Back then, the reasoning was that a weak IPR regime might allow domestic firms to imitate foreign technology so as to boost access and keep drug prices low in the bargain. However, hard bargaining by Big Pharma saw the change in world trade rules, in 1995, which called for a system of product patents and legal protection to all Trade-RelatedIntellectual Property Rights (TRIPS) that included pharmaceuticals but with safeguards like provision for compulsory licensing.

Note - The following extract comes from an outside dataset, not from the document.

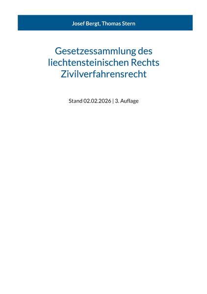 Die liechtensteinische Gesetzessammlung zum Zivilverfahrensrecht enthält ua folgende Gesetze: Jurisdiktionsnorm (JN) Einführungsgesetz zur ZPO (EGZPO) Zivilprozessordnung (ZPO) Ausserstreitgesetz (AussStrG) Exekutionsordnung (EO) Gerichtsgebührengesetz (GGG) Gerichtsorganisationsgesetz (GOG) Insolvenzordnung (IO) Tarif für Rechtsanwälte (RATG) Tarifansätze für Rechtsanwälte (RATV) Rechtssicherungs-Ordnung (RSO) Zustellgesetz (ZustG) Zielgruppen: Juristen, Behörden & Gerichte, Wissenschafter, sonstige Interessenten.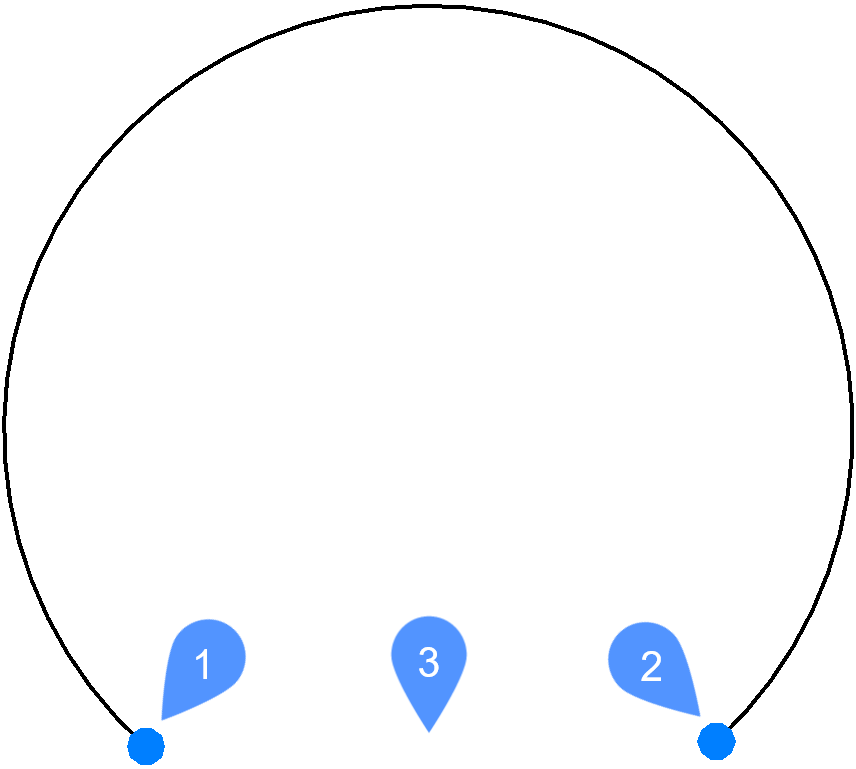Em arcos e círculos, a quebra ocorre no sentido anti-horário do primeiro para o segundo ponto de quebra.

And since 2005, the patent regime in India - and China and Brazil from 2002 and 1997, respectively - has allowed patenting of drug products.

Compulsory Licences
Earlier this year, in March, India, for the first time, issued what's known as a "compulsory licence" to override a patent on a cancer drug. Under certain conditions, possibly a health emergency, countries can act to break patents and manufacture generics. The holder of the patent would get some sort of compensation. However, it's not a simple process and can trigger international legal battles. China also has established a system to override patents. Internationally, a system of reference pricing for medicines exists across developed markets such as the United States and Europe as well as in emerging markets.

In March 2012, Bayer lost the landmark drug ruling in India and was forced to grant a compulsory licence for Nexavar to Natco Pharma, a local generics maker, which sells it for Rs 8,880, a price later undercut by Cipla.

Currently, patented drugs are free of price controls, but there are restrictions on the prices of 348 so-called "essential" drugs. Patented drugs are mostly imported by multinational drugmakers and used to treat diseases like cancer and heart ailments.

The medicines are beyond the reach of most of India's 1.2 billion people, 40 per cent of whom live below the poverty line of $1.25 (about Rs 70) a day. For example, Nexavar, a cancer drug developed by Germany's Bayer , costs Rs 280,000 per monthly dose.